The field is called "game theory" because its focus is often limited to hypothetical situations or models and games where the interaction between participants can be analyzed easily and general reasons for participants' decisions can be determined. Game theory provides the most satisfying and conclusive information and analyzation in simpler games or scenarios—those with fewer decision makers and fewer choices. Because of the inherent complexities of more complicated games with more than two decision makers, game theory becomes more speculative when applied to such games. In these scenarios, decision makers confront forces they cannot control, which makes it difficult to monitor and describe rational behavior.

While game theory has been applied to participants in parlor games and game theory scenarios, it has also been applied to a variety of real-life situations—to general human and institutional behavior—which has led the social sciences to work with game theoretic models. Numerous fields including biology, computer science, economics, politics, psychology, mathematics, philosophy, and sociology use game theory models.

While game theory has antecedents dating back to ancient times and the 18th century, it emerged as a scientific discipline early in the 20th century, the result of efforts to apply quantitative analysis to abstract cognitive dilemmas. Because of poorly developed methodologies and a lack of demonstrably consistent application to more widely useful purposes, it was largely ignored until the 1940s.

During the early years of the Cold War, however, significant breakthroughs were made that legitimized it as a science with testable proofs. As a result, certain aspects of game theory could be applied to war games and global military strategy, economic and pricing strategies, social issues, and even labor bargaining.

Game theory frequently has created difficult marriages of behavioral and mathematical assumptions that yielded such ridiculously mechanical computations as "megadeaths" in military strategy, where certain scenarios for nuclear war could be extrapolated into forecasts of how many millions of people would be killed. In other areas, however, the capabilities of game theory were limited to simple marketing programs for products such as cigarettes, automobiles, and toothpaste. Here, applications of game theory could be tested for validity while certain shortcomings could be readily identified, and adjustments made.

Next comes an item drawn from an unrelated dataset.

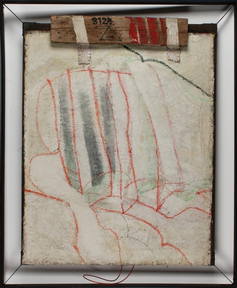 GERHARD HOEHME Greppin bei Dessau 1920 - Neuss-Selikum 1989 Informale 3124, 1964 Opera double face a tecnica mista di olio su tela, con applicazioni di legno ei fili, sospesa da un telaio a giono , cm. 127 x 103 Firma e data in basso a destra Provenienza Archivio Prof. Enrico Crispolti, Roma

Game theory may also be considered a modeling technique that is used to anticipate and explain the actions of all agents involved in competitive situations and to test and determine the relative optimality of different strategies. Its primary applications are in linear programming, statistical decision making, operations research, and military and economic planning. Recent extensions of game theory include using game theory models to solve social and ethical dilemmas as well as to choose when to implement cooperative and competitive strategies in business.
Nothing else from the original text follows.